The second critical risk: Cloud SQL without PITR

During the infrastructure audit, a second critical risk was identified — unrelated to the WAF, but equally severe:

Copy
# Cloud SQL — availability and backup configuration
# Availability: ZONAL (no replica in another zone)
# Binary log: DISABLED
# Automatic backup: daily at 03:00 UTC, 7-day retention — SUCCESSFUL

# Consequence of disabled binary log:
# - Point-in-Time Recovery (PITR) unavailable
# - In case of data corruption or accidental deletion,
#   recovery only possible to the last daily backup
# - Potential data loss: up to 24 hours

With ZONAL availability and binary log disabled, the data loss window in a corruption or accidental deletion incident is up to 24 hours — the time between daily backups. For a system with transactional data, this means potential loss of all transactions for the day.

Two critical risks in the same client, discovered in a single audit: the WAF was not protecting real traffic, and the database had no PITR. Neither generated any alert. Both were invisible without an active audit.

The coordinated remediation plan

Fixing the WAF bypass required three coordinated changes, in the correct order:

1. Nginx: add www.client-media.com.br to server_name before any DNS change.

2. Certificate: verify that the SSL certificate on the LB covers the www domain (the previous cert on the LB had expired — a new one would be needed before cutover).

3. DNS: only after nginx and certificate are validated, point www and root to the LB IP (198.51.100.19).

Copy
# Step 1: fix nginx (before DNS)
# Edit /etc/nginx/sites-available/client-media.com.br
server {
    listen 80;
    listen 443 ssl;
    server_name client-media.com.br www.client-media.com.br;
    ...
}
nginx -t && nginx -s reload

# Step 2: validate that nginx responds for www via LB
curl -H "Host: www.client-media.com.br" http://198.51.100.19/
# should return 200, not 404

# Step 3: only then perform DNS cutover
# www.client-media.com.br → 198.51.100.19
# client-media.com.br     → 198.51.100.19

For Cloud SQL: enabling binary log and configuring Regional availability (replica in another zone) are changes that require a maintenance window with instance restart. Both were documented in the client's Risk Map as critical risks pending execution.

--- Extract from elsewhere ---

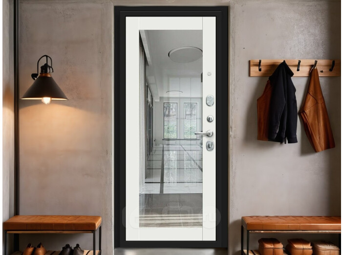 Дверь входная Флэт Kale Almon 28/Off-white, с зеркалом, 2 замка, с ночной задвижкой 205x96 Правое

How to audit whether your WAF is actually in the path

The simplest check: the IP that DNS resolves to should be the IP of your WAF/proxy/LB — not the IP of the origin server.

Copy
# Test 1: compare DNS IP with LB IP
DOMAIN="www.mysite.com.br"
DNS_IP=$(dig +short $DOMAIN | head -1)
LB_IP="YOUR_LB_IP"

if [ "$DNS_IP" = "$LB_IP" ]; then
    echo "OK: traffic passing through LB/WAF"
else
    echo "ALERT: DNS resolves to $DNS_IP, LB at $LB_IP — WAF may be bypassed"
fi

# Test 2 (GCP): check real access logs in Cloud Armor
# If there is legitimate traffic (real user-agents, varied BR IPs),
# Cloud Armor is in the path.
# If logs show only bots/scanners, real traffic is going directly.
gcloud logging read   'resource.type="http_load_balancer" AND jsonPayload.enforcedSecurityPolicy.name="policy-www-client-media-com-br"'   --limit=20   --format="table(timestamp,jsonPayload.remoteIp,jsonPayload.requestUrl,jsonPayload.enforcedSecurityPolicy.outcome)"

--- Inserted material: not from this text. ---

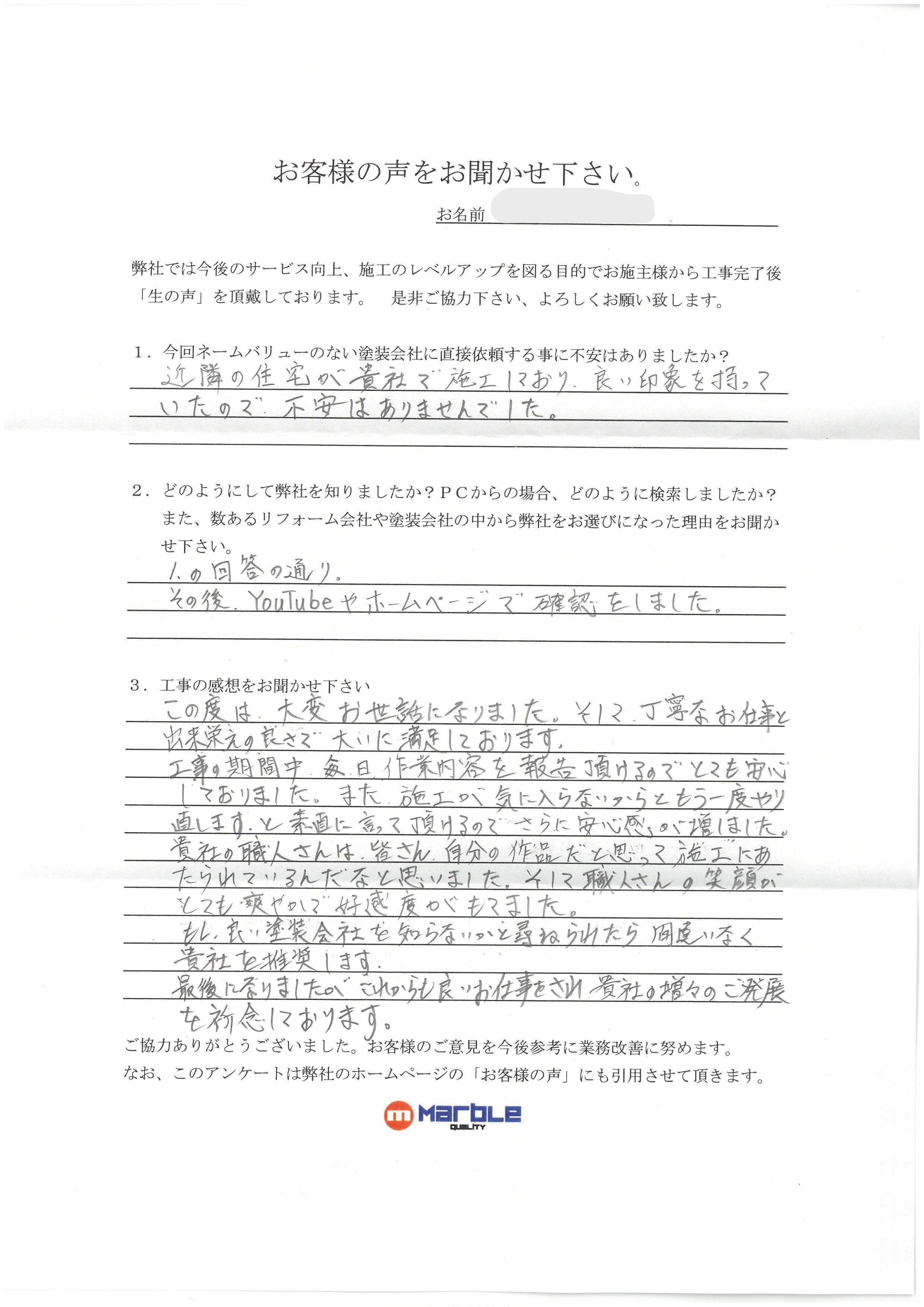 もし、良い塗装会社を知らないかと尋ねられたら、間違いなく貴社を推奨します。

A WAF that shows only scanner blocks — and never logs of legitimate browsing (normal paths, browser user-agents, real user IPs) — is a sign that real traffic is going through another path.

The lesson: path position is the zero requirement

Cloud Armor, AWS WAF, Cloudflare — all are inline controls. They only protect traffic that flows through them. No matter how well-configured the policy, how refined the rules, how zero the false positives: if DNS doesn't point to the WAF, the policy doesn't exist for real traffic.

Infrastructure security audits need to verify not just the control configuration, but the traffic path. In projects with a history of DNS changes, partial migrations, or configurations made by different teams at different times, DNS bypass is one of the easiest risks to create and the hardest to notice.

139 blocks in 30 days looked like evidence of protection. They were evidence that scanners had discovered the LB IP. Real traffic — users, buyers, Google crawlers — never passed through the WAF.